Work in general has become more difficult steps since the first lockdown. Especially when, for example, a doctor needs to be consulted or tests have to be carried out. We are also only allowed to visit an isolated person if we are wearing protective suits.

The entire retirement home had to be quarantined for ten days at the end of November and the beginning of December. And as if that wasn't enough, there were then another ten days on top. The residents had to stay in their rooms and we brought their food to them. There were cases where we heard someone crying. Many residents felt trapped and complained that decisions were being made over their heads. Others were saddened that they weren’t allowed to be together over the last year. The ban on visits also had a very stressful effect on the residents. What do you say in such cases? I have always expressed my understanding, but I have also said that we have to get through this now. Together. So we had to offer more psychological support.
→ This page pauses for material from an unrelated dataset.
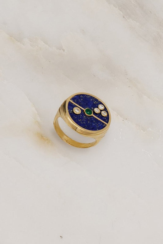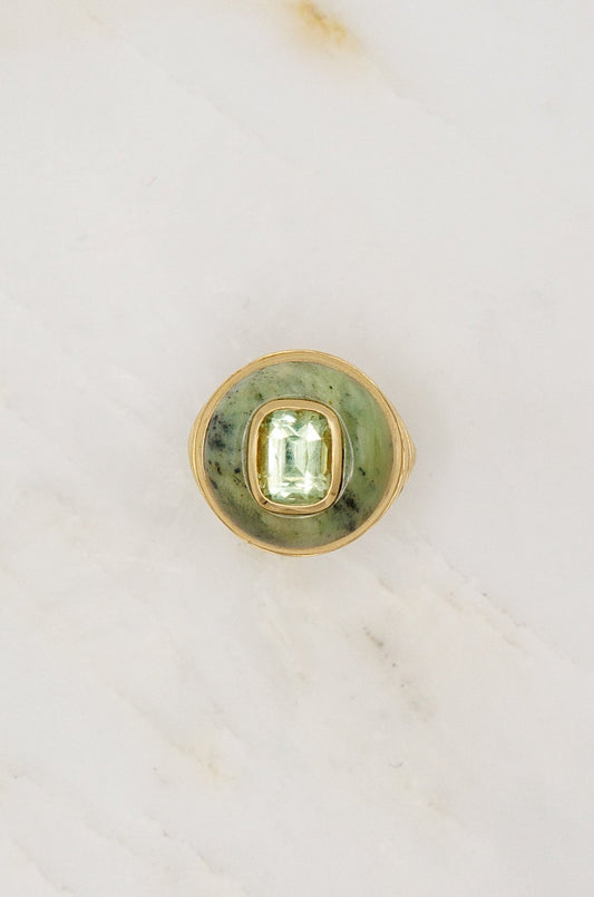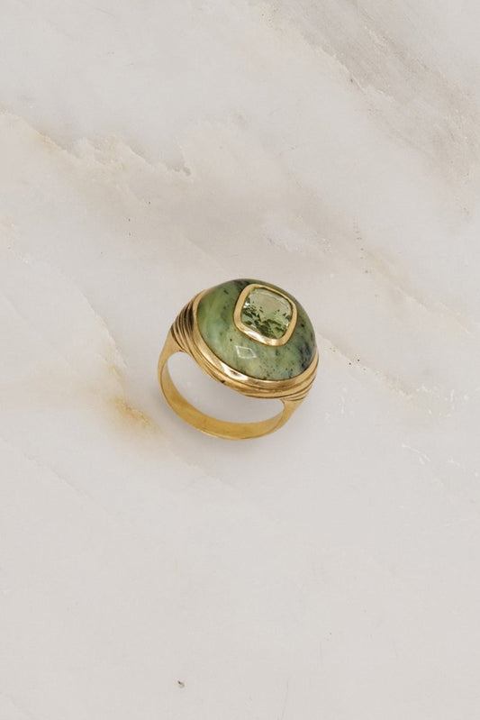 Petite Lollipop Ring with Green Tourmaline in Green Opal

That eats away at you. I'm lucky enough to have a very understanding husband with who I can talk about everything. And we really talked a lot this past year."
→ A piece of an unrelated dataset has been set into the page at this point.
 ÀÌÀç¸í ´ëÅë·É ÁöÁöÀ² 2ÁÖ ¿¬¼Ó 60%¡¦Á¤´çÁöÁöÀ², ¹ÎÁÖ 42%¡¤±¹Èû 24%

Werner Uttinger (89), resident at the Chlosterli, Unterägeri

"I had Corona, although I didn't notice anything about it. My partner, with whom I live in a 2.5-bedroom apartment, remained negative. Nevertheless, we spent at least ten days in quarantine in our apartment. But this wasn’t such a bad time: we played games together, rested, listened to the radio or painted. In the summer we often took trips by car – we drove to Einsiedeln, or around the Rigi.

We have many protective measures in Chlösterli. We all wear masks, and are only allowed to eat in the cafeteria in shifts (by floor). I rather miss meeting the other residents. But there are always things we can do together. We recently painted Easter eggs.

The Chlösterli staff does their job incredibly well. I‘d like to compliment them at this point. They also brought carnival to us in the home. Only on a small scale, of course ,but there was music, we dressed up, danced and drank some wine.

I feel like I never had to be afraid of the virus. Now that my partner and I are both vaccinated, we feel even safer."